**Exercise objective**
Nothing should appear in the answer except the lines below from the line containing "新規に追加されたサーバー型の" through the line containing "Figura 1. Aorta", copied exactly, with pictures left out.

**Input data**
··········

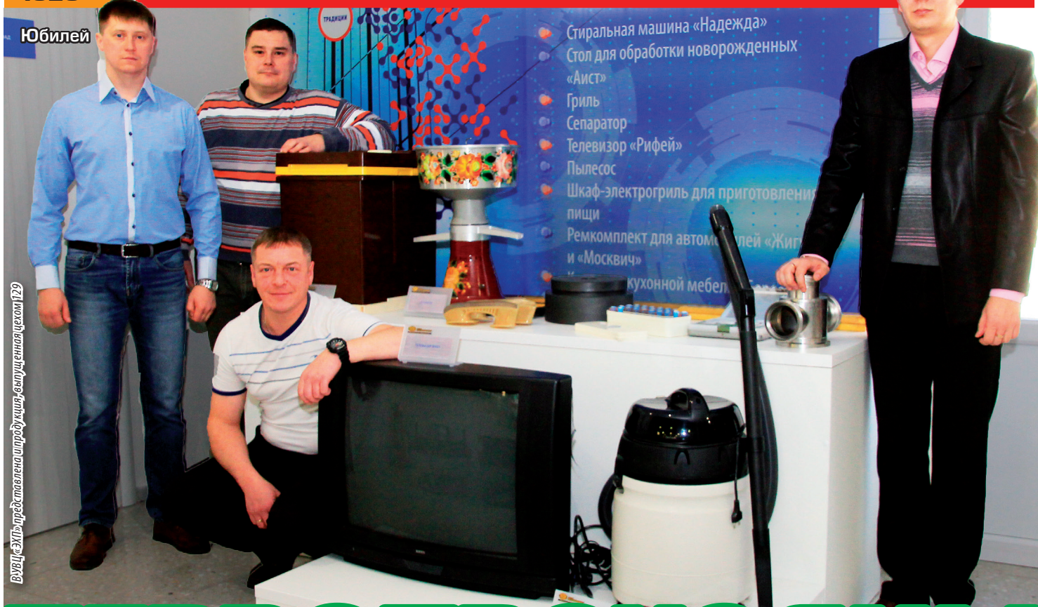
ВЫСТАВКА — ПРЕДСТАВЛЕНА СПРОДУКЦИЕЙ, СОЗДАННОЙ ЦЕХОМ 129
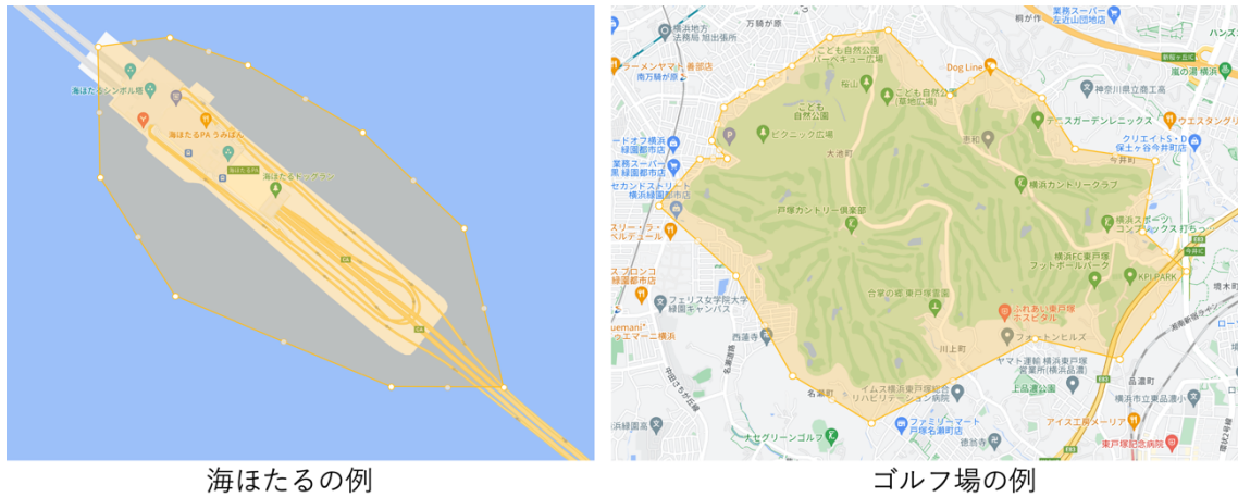
図3 ポリゴンゾーンの事例

新規に追加されたサーバー型のジオフェンスです。新たに多角形のゾーンを設定することが可能となりました。例えば、東京湾アクアラインのパーキングエリア「海ほたる」を囲った例や、ゴルフ場を囲った例を図3に示します。複雑な地形でも自由自在に囲むことが可能となりました。サーバーで処理しているので、登録数の制限がありません。また、GPS 端末のバッテリーを消費しないのも特徴です。
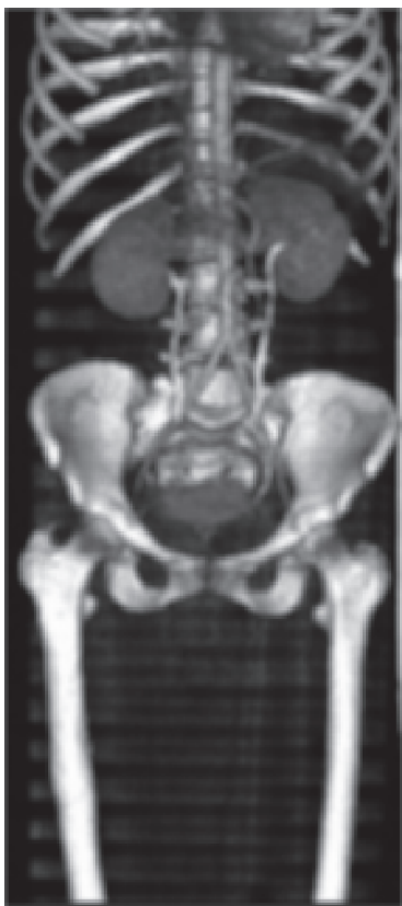
Figura 1. Aorta abdominal de calibre normal sin lesiones ateroscleróticas. Ambas arterias ilíacas comunes de calibre muy delgado (vasoespasmo). No se aprecia el lecho distal de ambas femorales comunes por la vasoconstricción.

Luego de 72 horas, el dolor había cedido y se dio de alta con profilaxis con nimodipino para el control de la migraña.

··········

**Your solution**
新規に追加されたサーバー型のジオフェンスです。新たに多角形のゾーンを設定することが可能となりました。例えば、東京湾アクアラインのパーキングエリア「海ほたる」を囲った例や、ゴルフ場を囲った例を図3に示します。複雑な地形でも自由自在に囲むことが可能となりました。サーバーで処理しているので、登録数の制限がありません。また、GPS 端末のバッテリーを消費しないのも特徴です。
Figura 1. Aorta abdominal de calibre normal sin lesiones ateroscleróticas. Ambas arterias ilíacas comunes de calibre muy delgado (vasoespasmo). No se aprecia el lecho distal de ambas femorales comunes por la vasoconstricción.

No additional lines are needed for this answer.